Thursday, July 22, 2010

Returning Home

Our Grand Trip is over. One hundred days exploring the Holy Land, Italy, Spain, Sweden, France, and Ireland (with a surprise trip to Boston time thrown in). We've spent the last days reflecting on the adventures, and have let the underlying meaning(s) take their time to surface. This experience truly gifts us "life and food for future years."

I look back to my first blog post written in London (in transit to Jerusalem) and notice its focus on a local cemetery-turned-public-park. Funny: this evening I walked through another cemetery, part of Glendalough National Monument in Ireland. Centuries ago, St. Kevin found a stunning, serene mountain valley embracing two narrow lakes and decided to live in a hard-to-reach cave as a hermit. As news of his commitment and wisdom spread, followers arrived. Since it became difficult to be a popular hermit, he founded a monastery instead.

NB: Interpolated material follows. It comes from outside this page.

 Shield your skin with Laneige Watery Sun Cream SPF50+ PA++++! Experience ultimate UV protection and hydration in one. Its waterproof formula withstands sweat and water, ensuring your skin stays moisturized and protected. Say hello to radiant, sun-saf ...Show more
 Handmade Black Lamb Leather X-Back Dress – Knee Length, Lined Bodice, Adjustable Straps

On my way back from the local tavern with correct change for the internet service, I realized that I could have the old monastery grounds to myself away from the daily tour bus crowds. The double stone arch marked my entrance as I made my way past a roofless stone church, its floor now covered only with gravel and the occasional grave marker. A vista opened down the valley we had hiked earlier today, swallows flitted past, and it suddenly occurred to me that this was sacred ground. I slipped off my sandals, not because a burning bush began talking to me, but as a way of honoring this place of rest and devotion to God. Even more, I thought as I walked on the fine gravel, I wanted to honor and give thanks for the privilege of time and money that made this trip, peppered with pilgrimages, possible. We return home to the busy business of moving to Tennessee and beginning three years of seminary study. I will bring with me a quieted inside, gratitude, a renewed awe for God's expansive creation and a honed respect for history and what it tells us today about what humans are capable of.

Tuesday, July 13, 2010

Why I Just Walked 72 Miles

Joined by our good friends Matt and Molly, Laurel and I spent the last five days walking the final 72 miles of the Camino de Santiago, a medieval pilgrimage route in northern Spain to the traditional site of St. James' final resting place (the story of how he got there from the Middle East, which involved a stone boat, is worth a read!)

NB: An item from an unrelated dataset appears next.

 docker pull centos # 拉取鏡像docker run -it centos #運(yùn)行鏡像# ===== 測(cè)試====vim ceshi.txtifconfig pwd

As you can imagine, we had a lot of time for thinking, so I spent some of the time pondering the question, "Why am I doing this?!" The coolness factor, for starters: when else will I walk 69 miles in 4 days and 21 miles in one day ever again? Good bragging material, clearly. As a goal-oriented Western experience collector, there was a specific goal and (thankfully) good signage that led to a successful arrival at our destination.

Then there's the pragmatic rationalization: since I'm soon to begin seminary and aspire to become an Episcopal priest, I figured it would be helpful as I imagined how far Jesus walked from the Sea of Galilee to the Jordan River by Jericho to be baptized. Practical, right?

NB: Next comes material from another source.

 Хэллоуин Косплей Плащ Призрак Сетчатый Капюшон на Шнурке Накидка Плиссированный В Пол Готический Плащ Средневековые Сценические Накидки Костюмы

We figured it would be fun to travel with Matt and Molly, and it was. The four of us hadn't really factored in how the my-foot-is-about-to-explode pain might detract from the fun quotient, however.

Of course, there was something else larger than these reasons and less tangible, more mysterious. For more than 1000 years people have walked far greater distances than our measly 116 km for penance, for hope, in faith. Pilgrims packed Santiago's cathedral at the end of the journey for the daily Mass, sitting at the base of columns, standing everywhere, beyond tired and still searching for something even as we realized this particular quest was over. We yearned for a ritual that would preserve the spirit of this experience and guide us in a new direction.

We head to Ireland for 9 days tomorrow, and then we will be home in San Diego for only a few days before driving to Tennessee to begin seminary. It too will be cool, practical, and fun (hopefully free from foot pain, though) -- but it also involves a larger, longer, and more mysterious search for Home.